Devo, the new-wave band famed for its terraced headgear and the catchy ditty "Whip It," is putting the finishing touches on its first studio album since 1990, a spokeswoman said on Tuesday.

The as-yet-untitled release is scheduled to come out in the fall. It marks Devo's first new music since the 2007 single "Watch Us Work It" and first album since 1990's "Smooth Noodle Maps."

Co-founder Gerald Casale said via email that Devo was "in serious negotiations with three major labels" and an announcement would be made in the near future.

"The delivery method will be novel and cross-platform, taking advantage of the strange state of the economy and Devo's culturally relevant brand," he added.

Casale is joined in the lineup by fellow co-founder Mark Mothersbaugh, and two members from the band's classic 1975-1985 lineup: guitarists Bob Casale and Bob Mothersbaugh.
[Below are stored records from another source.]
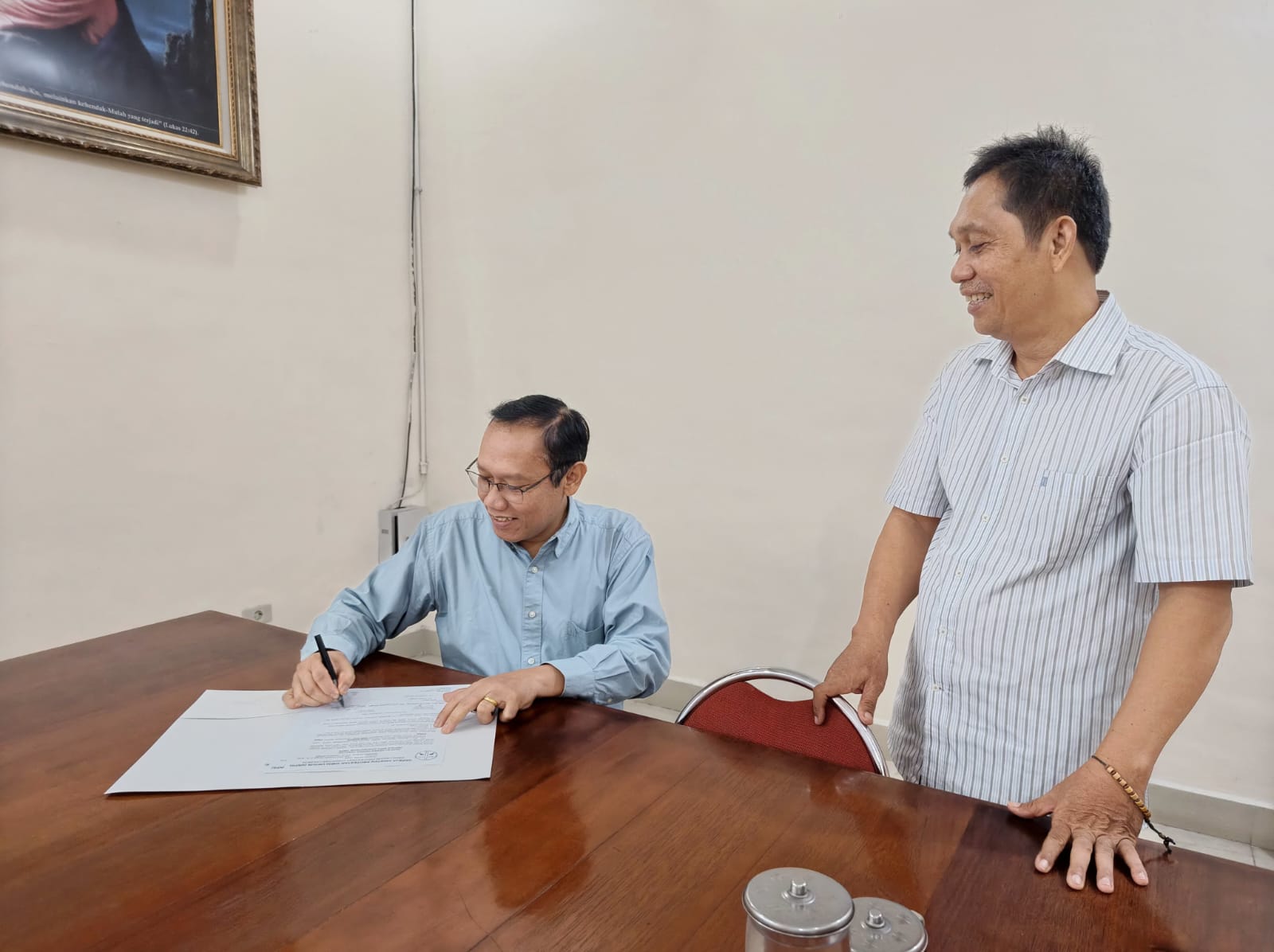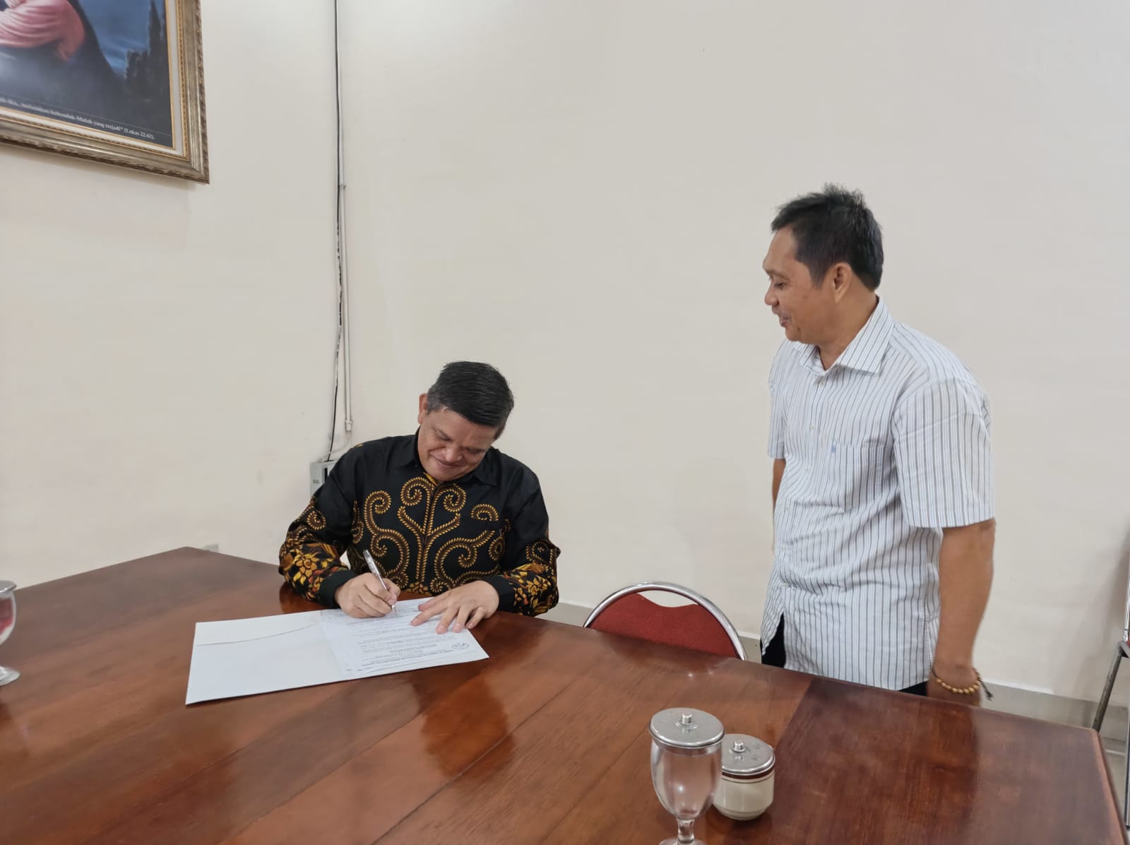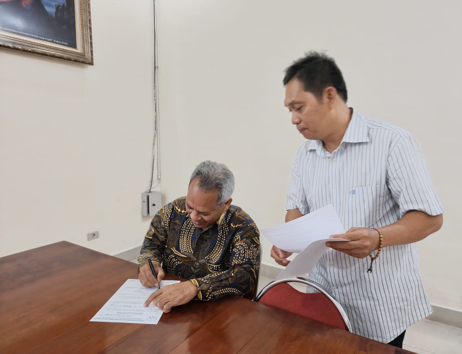 Pimpinan Sinode GKPS menerima arsip Biro Administrasi yang diserahkan Pdt. Em. Sarinus Sipayung pada Selasa (4/11/2025) siang. (Foto: Wiranata Saragih)
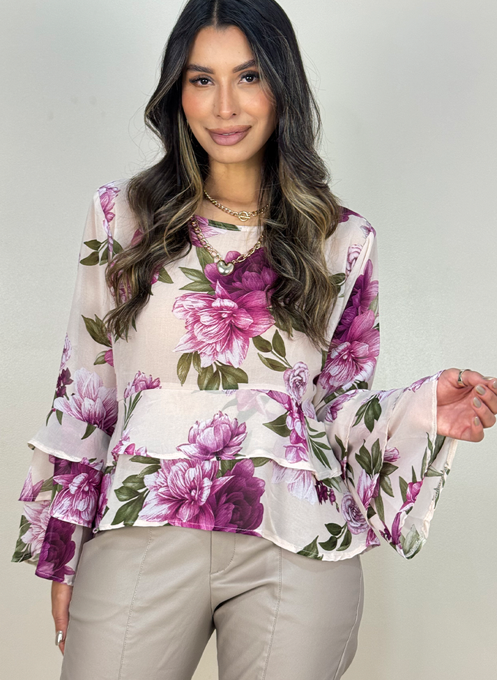 Blusa em crepe estampado em maxi floral, tecido com caimento leve e fluidez. Seu design evoca romantismo com babados e cores femininas. Possui modelagem mais solta com recorte arredondado na altura da cintura trazendo dois babados sobrepostos. Com gola redonda e mangas volumosas com três babados godê sobrepostos.
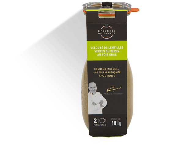Eau, lentilles vertes du Berry cuites 17%, foie gras de canard cuit 9% (dont foie gras de canard entier, Coteaux du Layon, Porto blanc, sucre, conservateur : nitrite de sodium, antioxydant : ascorbate de sodium), crème (lait, stabilisant : carraghénanes), carotte, oignon, poitrine de porc fumée, ail, amidon, arôme naturel, sel, poivre.
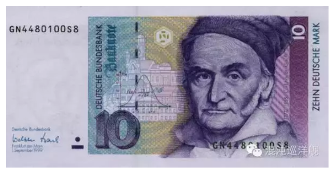 图3: 严肃的高斯与美丽的正态分布曲线出现在10元马克上
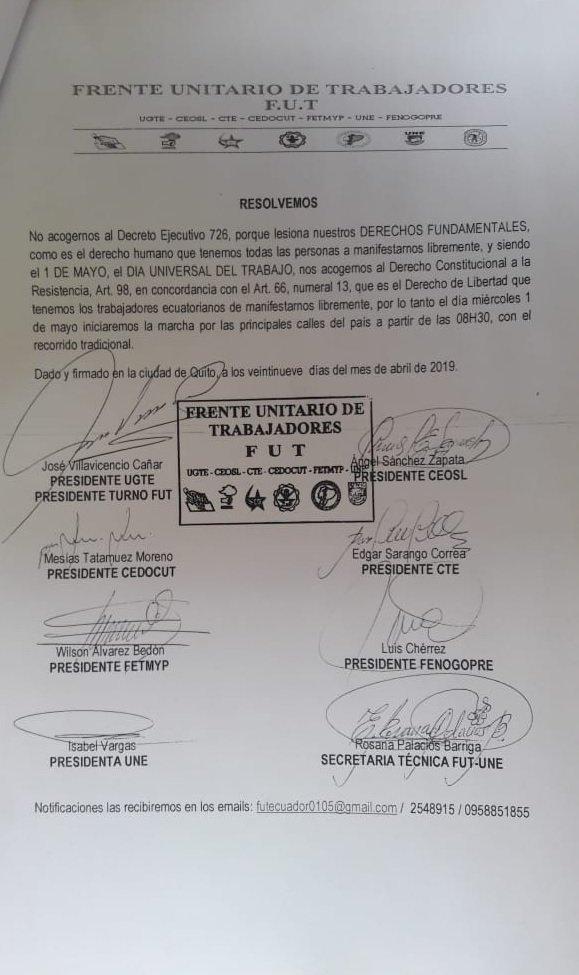 En una nueva rueda de prensa, este 29 de abril de 2019, José Villavicencio, presidente del FUT, leyó un comunicado que, entre otras cosas, señala: "no acogemos el decreto Ejecutivo 726, porque lesiona nuestros derechos fundamentales", refiriéndose a las manifestaciones programdas para ese día.
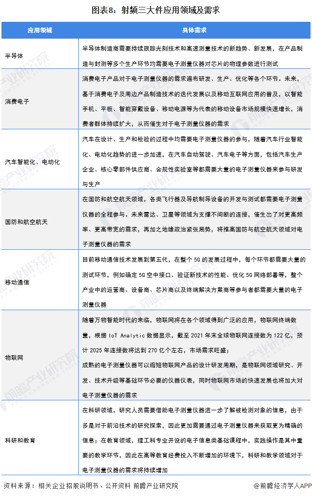 从具体的应用领域来看,射频三大件的下游应用行业基本相同,具体包括半导体、消费电子、移动通信、汽车电子、自动驾驶、车联网、物联网、国防与航空航天、科研与教育等,其中多个下游应用行业加速发展,有望催化测量仪器需求的高速增长。
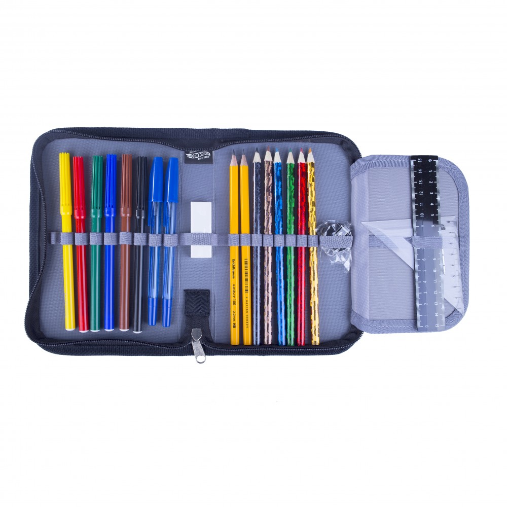Пенал классный, наполнен уже всеми принадлежностями. Фломастеры, ручки, карандаши, простые карандаши, резинка, линейки и точилка. При заказе не обратила внимание на то, что с наполнением, при получении была приятно удивлена. И сам пенал хорошего качества. Спасибо.
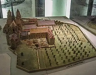 - Le plan de Saint-Gall (plan du IXe siècle d'une abbaye jamais construite et de ses jardins) de la bibliothèque de l'abbaye de Saint-Gall en Suisse alémanique[12].
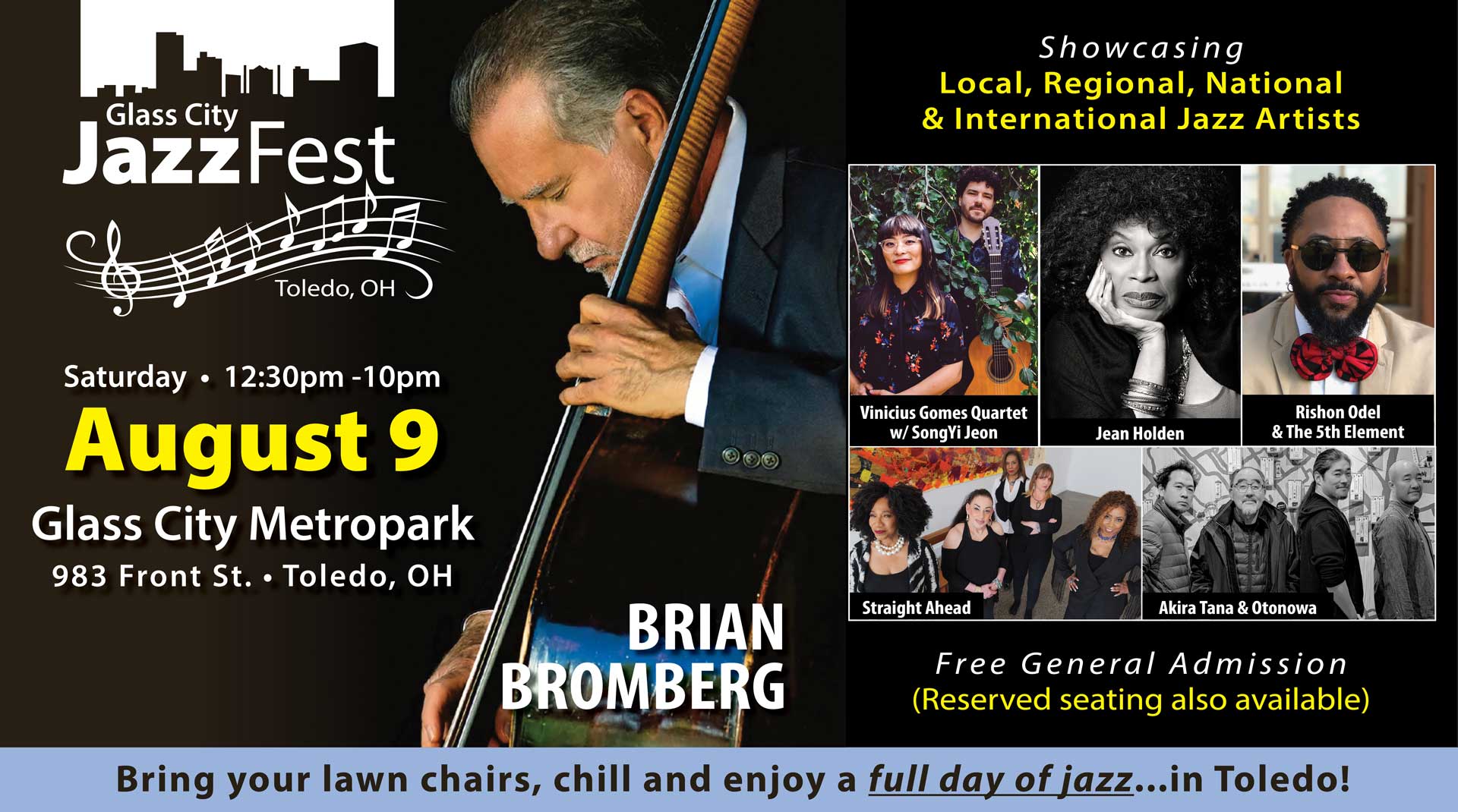 Admission is free and open to all ages. Bring your own lawn chairs or picnic blankets to claim your spot for the day. A limited number of reserved seating options are also available for those who want guaranteed close-to-stage views—check the Glass City JazzFest website for details. Expect local eats, cold drinks, and the best sunset view in town, all to the soundtrack of smooth, soulful jazz.

Session musician Josh Freese is filling in on drums.

Alan Myers, who played drums with Devo during that decade, is now an electrician in Los Angeles. He told Reuters that he was "completely out of the loop," and pursues his own musical ventures when not working at his day job.

"Musically and personally, it's not something that I would be attracted to," Myers said of Devo.

Casale said Freese has injected "fresh, youthful, devolved energy" into the band.

Devo will perform at the South by SouthWest music festival in Austin, Texas, on March 20, and will perform a pair of U.K. shows in May.

The band, whose name is a contraction of "de-evolution," formed in 1972 in Akron, Ohio, as a quirky surrealist concept. Besides "Whip It," the band also recorded offbeat covers of the Rolling Stones' "(I Can't Get No) Satisfaction" and Allen Toussaint's "Working in the Coal Mine." Mark Mothersbaugh went on to become a successful film and TV composer.